Chapter 19: Helper

The darkness pervaded everything. I couldn't feel my limbs, I couldn't tell if I was breathing, I didn't know if my eyes were open. No pain, no comfort, no warmth, no cold, no up or down, no plain taste of nothing in my mouth, or even the buzz of my own heartbeat. Nothing at all.

I wondered how long it would take me to go insane.

Alec, I guessed, but while it seemed likely that this was what it felt like (didn't feel like, rather) to be under his blanket of sensory deprivation, I didn't know why he'd be doing it to me.

Unless somehow - presumably without Addy's help - the Volturi were aware of my tinkering with Chelsea's work (I felt a moment of profound stupidity for not trying to get Addy's help directly with that - hadn't Chelsea been looking at me suspiciously for long enough that I ought to have asked? Wouldn't it be in Addy's interests, at least as she stated them, for Chelsea's suspicions to never get to the point of action as long as I wasn't trying to escape?) and had decided to kill me.

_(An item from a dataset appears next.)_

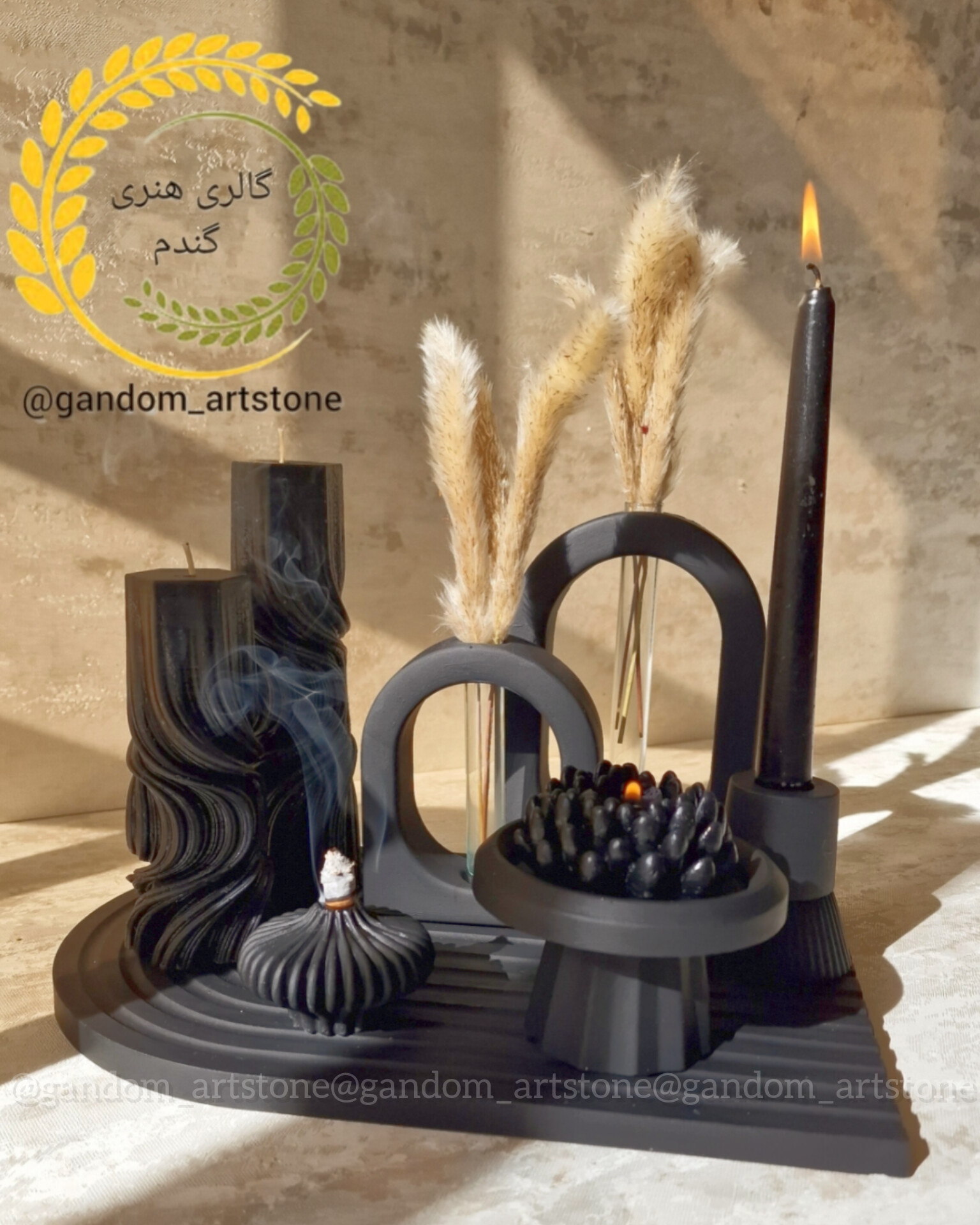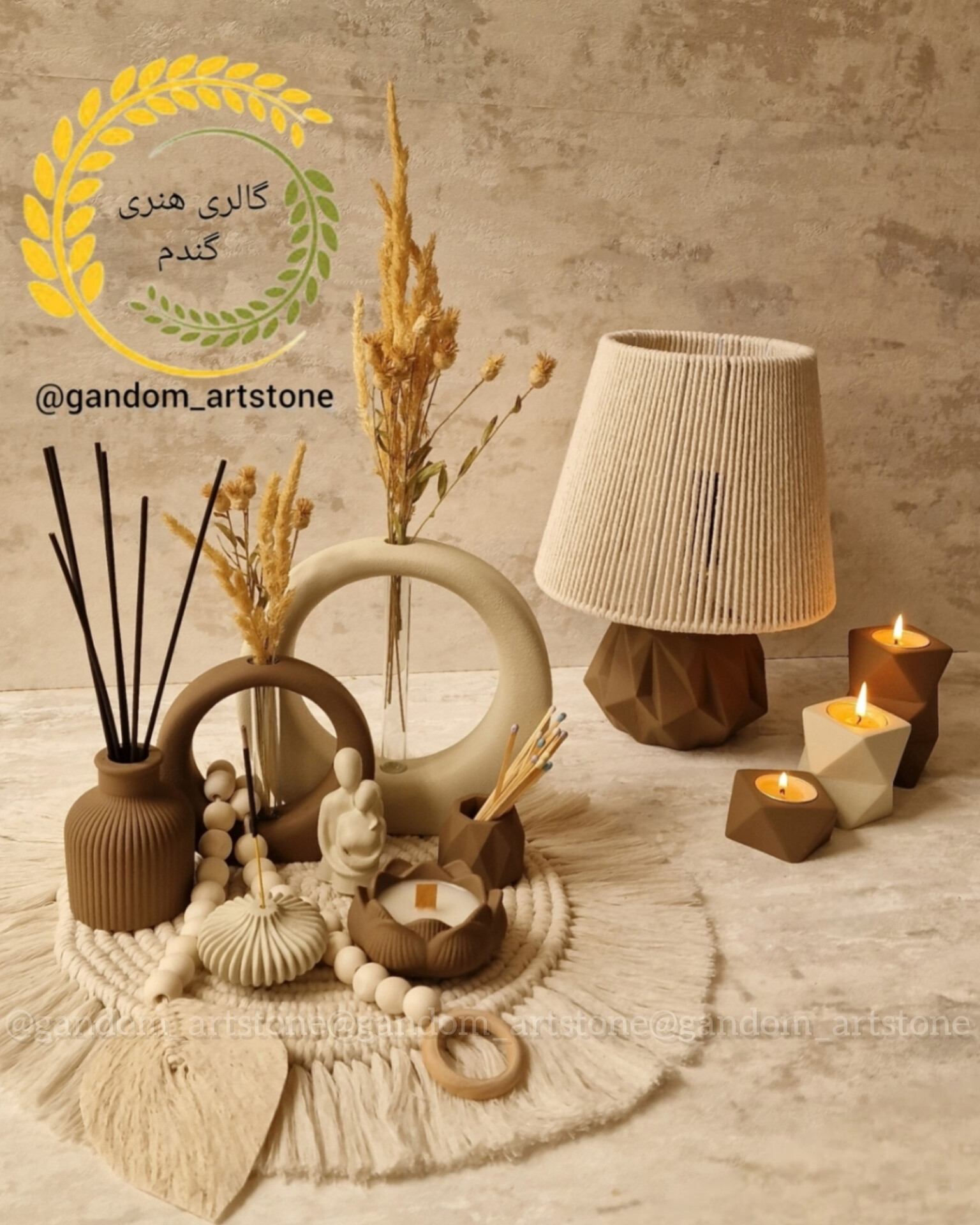 ست کامل با شمع ها گل خشک و تسبیح دکوراتیو
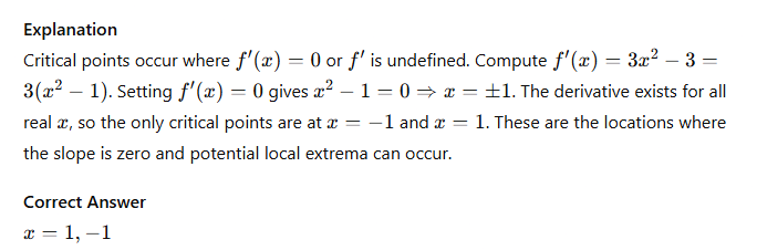 Find the critical points of f(x) = x3− 3x + 2.

If they were going to kill me they would kill Jake too -

Jake. He was out of range, of course he was completely out of range, I'd only just acquired any range at all, but maybe I could learn very fast. Maybe if I regretted stalling enough, or felt stupid enough for asking about time off when I might need more useful powers later, then I would be magically saved, allowed to time-travel to the past and be more diligent and better and faster. Jake! Jake! JAKEINEEDHELP -

My power gave no feedback. If it was working I couldn't tell. We'd never worked on how to target people I couldn't see - in fact, I didn't even know how I decided to send to someone I wasn't touching; I hadn't thought about it at all. I could be accidentally calling for help to Sulpicia, or some random human in Volterra, or someone else similarly unlikely to benefit me.

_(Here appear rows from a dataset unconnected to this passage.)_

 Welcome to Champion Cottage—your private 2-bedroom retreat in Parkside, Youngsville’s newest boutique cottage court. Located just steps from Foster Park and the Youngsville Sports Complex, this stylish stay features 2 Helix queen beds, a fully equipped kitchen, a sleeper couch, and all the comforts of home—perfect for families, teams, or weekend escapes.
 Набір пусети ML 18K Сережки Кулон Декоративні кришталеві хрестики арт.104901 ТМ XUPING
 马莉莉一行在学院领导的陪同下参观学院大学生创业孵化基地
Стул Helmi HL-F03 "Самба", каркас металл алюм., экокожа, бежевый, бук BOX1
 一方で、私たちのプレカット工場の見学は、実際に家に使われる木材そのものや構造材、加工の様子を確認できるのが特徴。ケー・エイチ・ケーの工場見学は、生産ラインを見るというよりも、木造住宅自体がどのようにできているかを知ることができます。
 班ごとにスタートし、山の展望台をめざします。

I decided it would be safer to keep trying - to assume that everything I tried failed and then think of what the next thing to do would be. If shouting for Jake hadn't worked, what would be the next plan? Images were easier, I'd been doing images since I was a baby. Memories were easier than made-up pictures. I screamed a visual of myself, the most distressed expression I'd ever seen on my own face in a mirror, and then did it again, and again, ignoring the building tiredness.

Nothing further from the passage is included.